10 Lesson. Orbicraft orientation by solar sensors
Download the program
Open the SUN file.py and enter into the data array data_sun = [] all data from the text data file; remove spaces and commas at the end of the array.
Python program code
import time
import math
kd = 200 # Differential feedback coefficient. If the satellite’s angular velocity is positive, than satellite must be spun clock-wise (i.e. the flywheel must rotated clock-wise).
kp = -100 # Proportional feedback coefficient.
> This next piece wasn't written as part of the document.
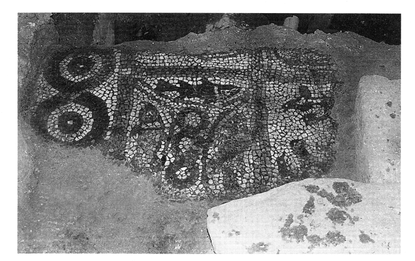 En 1997, la 7e EBA a poursuivi l'exploration à l'intérieur et autour de la basilique Saint-Georges (v. BCH 124 [2000] Chron., p. 886). À l'extérieur du côté Sud du monument, la fouille a mis au jour deux citernes, du côté Est plusieurs tombes à ciste sans mobilier. À l'intérieur, sous le dallage du narthex ont été repérés des lambeaux d'un pavement en mosaïque à décor floral et animalier de la fin du VIe ou du début du VIIe s. (fig. 1) ; la mosaïque avait été endommagée par la construction de six tombes réutilisant des marbres antiques ou byzantins (stèle, plaques de chancel à décor en relief). Dans le narthex on a aussi repéré des vestiges architecturaux appartenant à un état antérieur (sans doute paléochrétien) du monument et confirmant que l'église primitive était plus longue de ce côté. Des sondages dans la nef centrale ont mis au jour deux autres tombes, ainsi que des fragments d'architecture et des inscriptions réutilisés.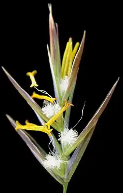 - Zebrane w równowąskie kłoski długości około 3 cm, te z kolei zebrane we wzniesioną wiechę długości 10–15 cm. Plewa dolna jednonerwowa, górna - trójnerwowa. Plewka dolna dwuzębna, długości 10–13 mm. Pylniki jaskrawożółte[5].

If the current angle is more than target angle, than satellite must be spun counter-clock-wise (i.e. the flywheel must rotated counter-clock-wise).
time_step = 0.05 # working time-step for the positioning and stabilization system
mtr_num = 1 # flywheel number
hyr_num = 1 # angular velocity sensor number
mag_num = 1 # magnetometer number
# Maximum allowed flywheel speed, rev/min
mtr_max_speed = 3000
sun_max = 25000 # Maximum value of the solar sensor (higher values are deemed as errors)
sun_min = 50 # Minimum value of the solar sensor (lower values are deemed as errors)
# To define the steering command for the flywheel it is critical to know not the angular orientation of the satellite as related to magnetic field but the angular error – the difference between the current angle and target angle alpha_goal
# By default the angle will be defined in range from -180 to 180 degree
# angle_transformation function will change the angle measurement range. For the task of positioning the angle must be measured in the range from (alpha_goal-180) to (alpha_goal+180), where alpha_goal is the target angle between magnetometer’s x-axis and projection of magnetic field vector to horizontal plane.
def angle_transformation(alpha, alpha_goal):
if alpha<=(alpha_goal - 180):
alpha = alpha + 360
elif alpha>(alpha_goal +180):
alpha = alpha - 360
return alpha
# Specifying the flywheel new speed
# flywheel’s new speed equals to flywheel’s current speed + speed increment
# Speed increment is proportioned by angle error and angular velocity error
def motor_new_speed_PD(mtr_speed, alpha, alpha_goal, omega, omega_goal):
mtr_new_speed = int(mtr_speed + kp*(alpha-alpha_goal) + kd*(omega-omega_goal))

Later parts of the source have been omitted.